A wider body of sleep research has further established that sleep disturbance is both a consequence and a driver of mood disorders — nearly all anxiety and depressive conditions co-occur with sleep abnormalities. Prioritising sleep hygiene — consistent timing, a cool environment, limited screen exposure before bed — is among the most evidence-supported strategies you can adopt for emotional wellbeing.

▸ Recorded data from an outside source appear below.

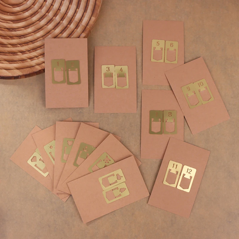 12pcs Copper Bookmark Retro Brass Metal Bookmarks For Midori Traveler's Notebook Monthly Planner Accessories Vintage Stationery
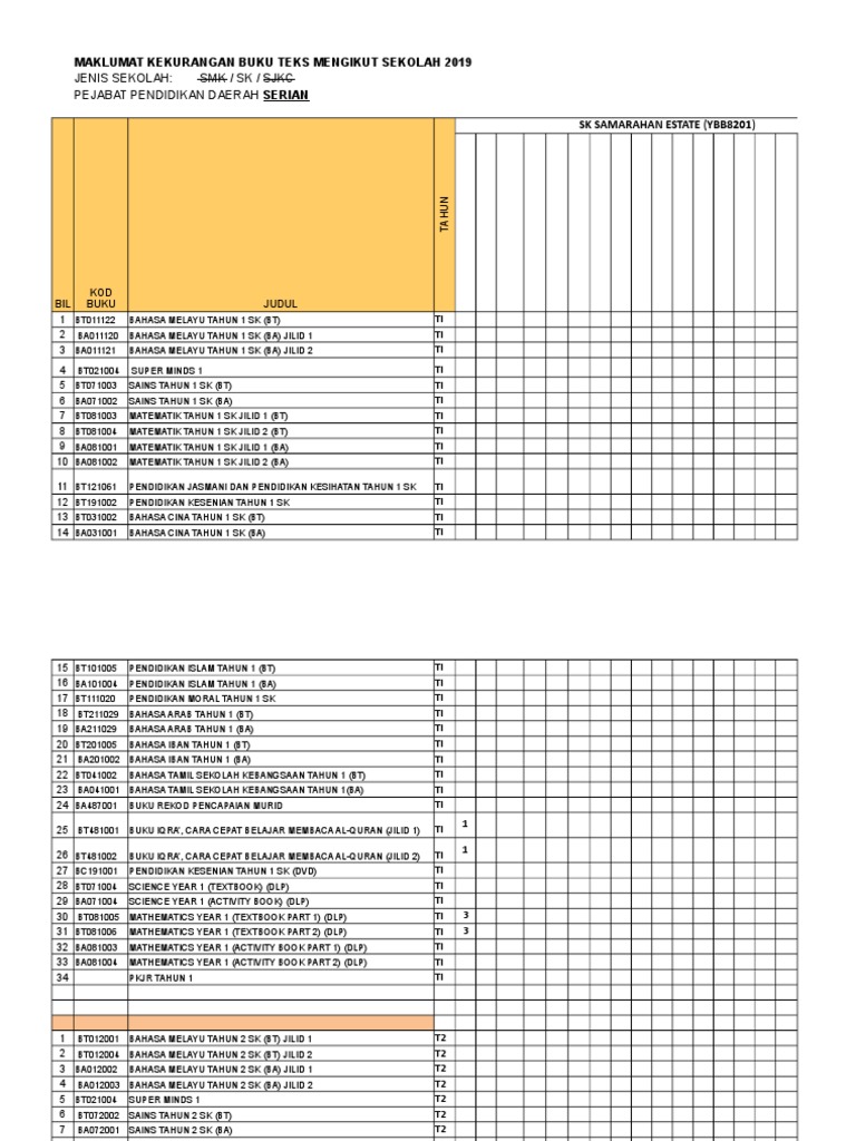 Spbt S K Jalan Pegawai Senarai Buku Teks Dan Aktiviti
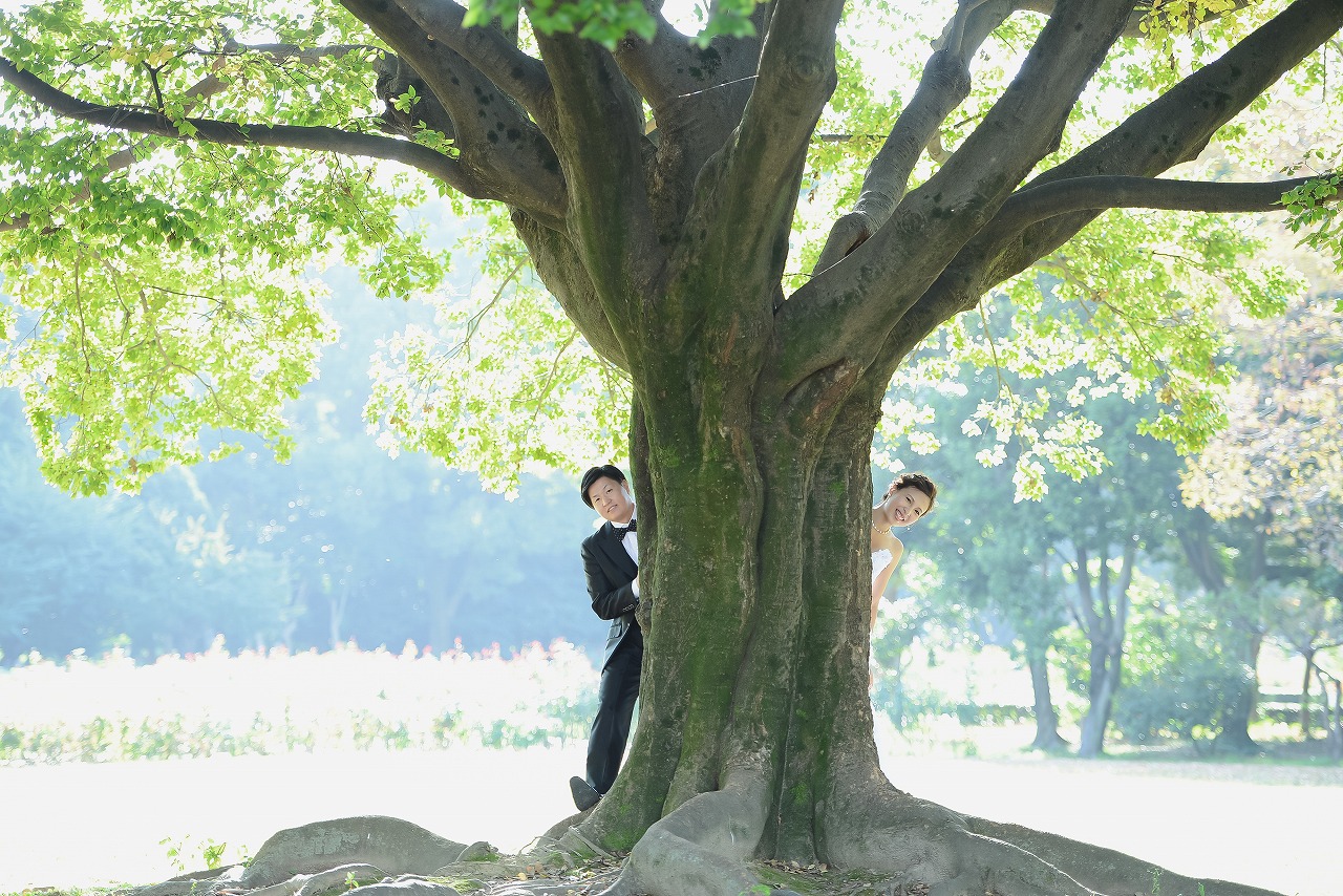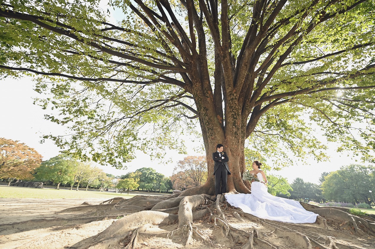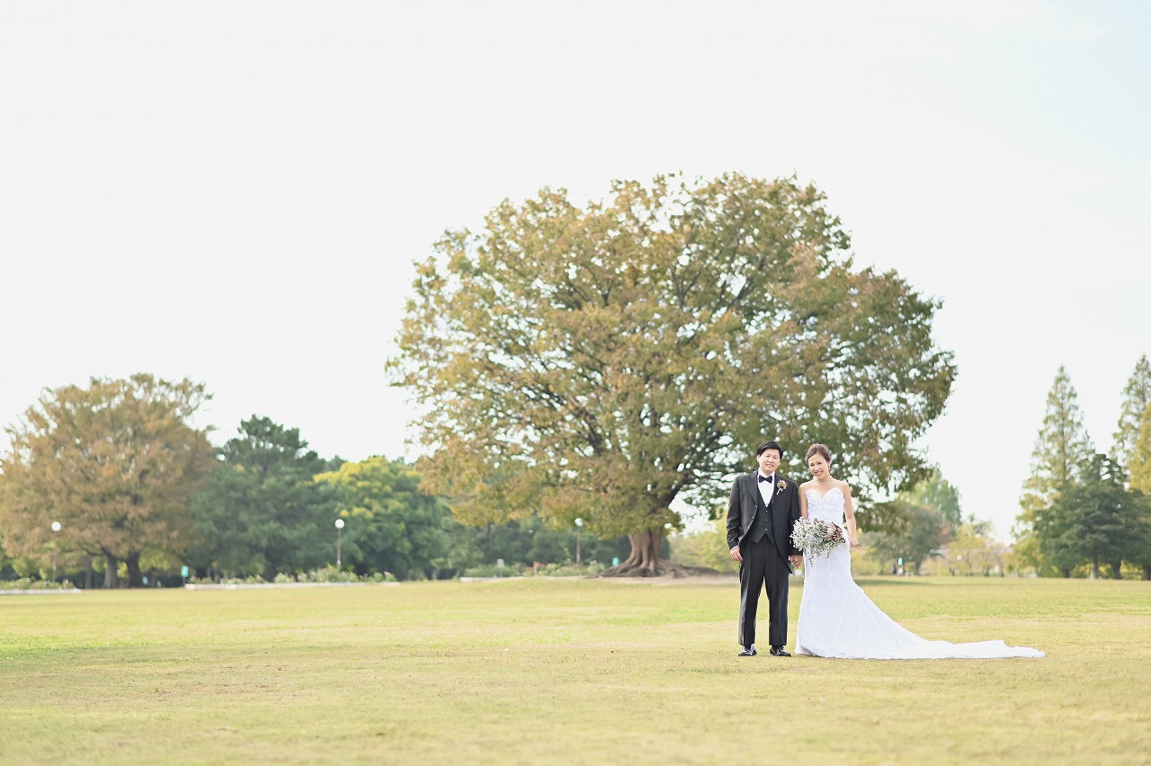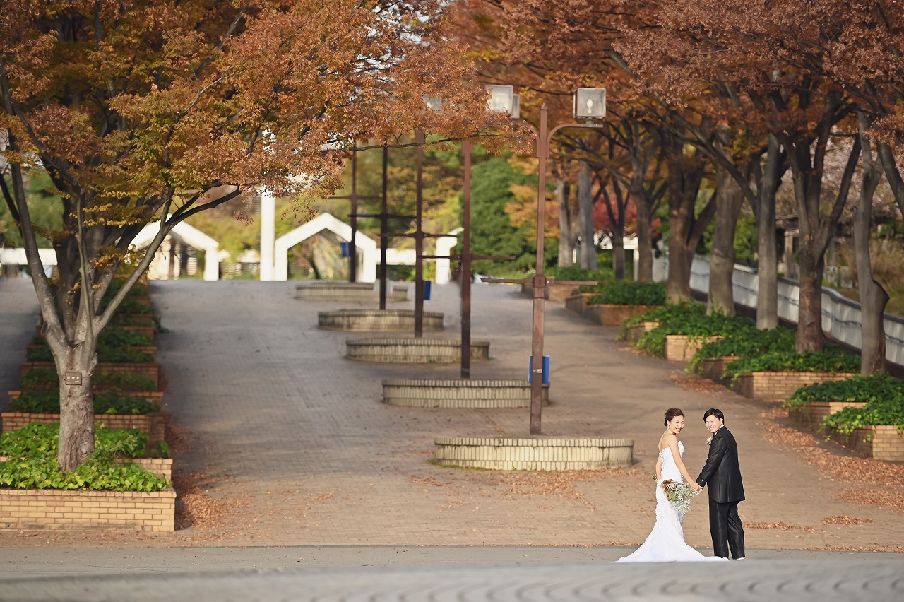 秋の庄内緑地公園で最高にオシャレなウェディングフォト!

Mindfulness and Brain Structure
Can meditation actually change your brain? The early evidence is intriguing. A 2011 controlled longitudinal study — 16 participants in the MBSR group and 17 controls — followed people through an 8-week Mindfulness-Based Stress Reduction programme. MRI scans revealed measurable increases in grey matter density in the hippocampus (learning and emotional control), posterior cingulate cortex (self-awareness), and temporoparietal junction (empathy and perspective-taking) — changes not observed in the control group.14 Subsequent replication studies have produced mixed results, and larger trials are needed to confirm the magnitude of these structural changes.
These findings suggest that regular mindfulness practice may do more than reduce subjective stress — it could support brain regions involved in emotional regulation, providing a neurobiological foundation for long-term resilience. The evidence isn't conclusive yet, but it's compelling enough to take seriously.
Is Stress-Related Brain Change Reversible?
This might be the most important question in the whole article — and the answer is genuinely encouraging. Neuroplasticity, the brain's ability to reorganise its structure and function in response to experience, operates in both directions. The same mechanisms that allow chronic stress to shrink the hippocampus and weaken prefrontal connections also allow recovery when stressors are addressed and supportive conditions are introduced.15
A 2009 controlled study demonstrated that stress-induced rewiring of prefrontal circuitry was reversible when stressors were moderate in intensity and relatively short-lived — on the order of weeks rather than years.15 Animal studies have shown remarkable neuronal resilience when stress is discontinued and supportive interventions — such as exercise and enriched environments — are introduced.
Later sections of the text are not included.